Pedro do Coutto
Em matéria publicada na Revista Veja que está nas bancas, o jornalista Otávio Cabral analisa o que considera um plano estratégico do presidente Lula para a sucessão de 2010e conclui que, além da ministra Dilma Roussef, ele tem hoje como segunda opção o deputado Ciro Gomes. Pode ser. Mas o próprio Otávio Cabral define, com razão, que arquiteturas políticas assim só funcionam no papel. Está certo. É impossível alguém, muito menos o presidente da república apoiar dois candidatos à sua própria sucessão. Termina não apoiando nenhuma, sobretudo em função das contradições que, em decorrência, vão se evidenciar nos quadros partidários da base aliada.
O empenho de Lula é pela manutenção da aliança de chapa. Um aceno no sentido de Ciro, é claro, rompe o equilibro e abala a aliança. Principalmente porque o presidente não poderia consultar o partido de Michel Temer sobre tal dualidade. Além do mais desnecessária, já que se as eleições são em dois turnos.E ninguém poderá vencê-las já no primeiro. Maioria absoluta nem por sonho. Lula não a conseguiu nem em 2002, nem em 2006. Aproximou-se, mas não a alcançou. A investida de Ciro Gomes na hipótese de suplantar a chefe da Casa Civil e travar o duelo final com José Serra é outro assunto.
Se tal hipótese viesse a acontecer, seria extremamente improvável que pó ex governador do Ceará pudesse unir o PT em torno de seu nome, e muito menos o PMDB, sobretudo porque uma ala da legenda, a de Orestes Quércia,defende aliança com o governador de São Paulo.Assim, plano B pode ser algo pessoal de Ciro,não de Lula. Inclusive Lula joga para o futuro, como é natural, sua visão projeta-se para 2014.

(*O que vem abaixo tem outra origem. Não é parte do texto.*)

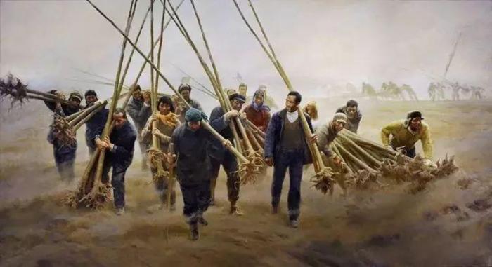 为塑造好这一形象,作者多次到兰考考察,最终以治沙这一历史场景作切入点。画面中,焦裕禄带领群众扛着树苗、顶着风沙走向沙荒,边走边和群众交流,突出了“党的好干部”带领人民治理风沙的形象,产生了强烈的视觉冲击力。农民、林业技术人员的神情和穿着打扮质朴生动,带有浓郁的地域特征和时代气息。

Ciro foi candidato em 98 quando teve 10% de votação. Repetiu a presença em 2002 e registrou 12%.Havia decolado bem,mas cometeu erros ao longo da campanha,na primeira vitória de Lula, que o colocaram em terceiro lugar.No primeiro turno, Lula atingiu 47 pontos,contra 23 de Serra, 18 de garotinho.No segundo turno, curioso, os 30% de Garotinho e Ciro dividiram-se em partes iguais: Lula subiu de 47 para 62 e Serra de 23 para 38. A impressão que ficou de Ciro nas duas campanhas é que ele começa bem, mas sua candidatura perde força no decorrer dos acontecimentos. Mas esta é outra questão.
No caso de seu nome passar a ser uma alternativa para o Planalto, a impressão que dá é que Lula fez um aceno mais para forçar a mobilização do PT em torno de Dilma Roussef do que para conduzir a um divisionismo, uma duplicidade. Ele deve estar tentando produzir um impacto, principalmente junto aos setores que não confiam na perenidade de uma articulação com Ciro. Este o panorama sob o ângulo de Luis Inácio e do PT. Sob o ângulo de Ciro Gomes é outra a questão. As pesquisas do Datafolha, Sensus e agora Ibope, descortinaram uma nova leitura do cenário. Mas também é preciso considerar que é um pouco cedo para interpretações mais precisas.
Política tem tempos certos que somente a sensibilidade do momento identifica. Porém uma coisa é certa: dualidade de candidaturas não é possível. Apoios políticos, para funcionar, têm que ser incondicionais, sem restrições, vacilações. Sem atitudes pendulares. Pois o movimento pendular desfoca o sentido e reduz o impulso a favor. Não funciona. E, sobretudo, reflete-se na decisão do segundo turno. Não existe exemplo de apoio duplo na política brasileira que tenha dado certo. Pelo contrário.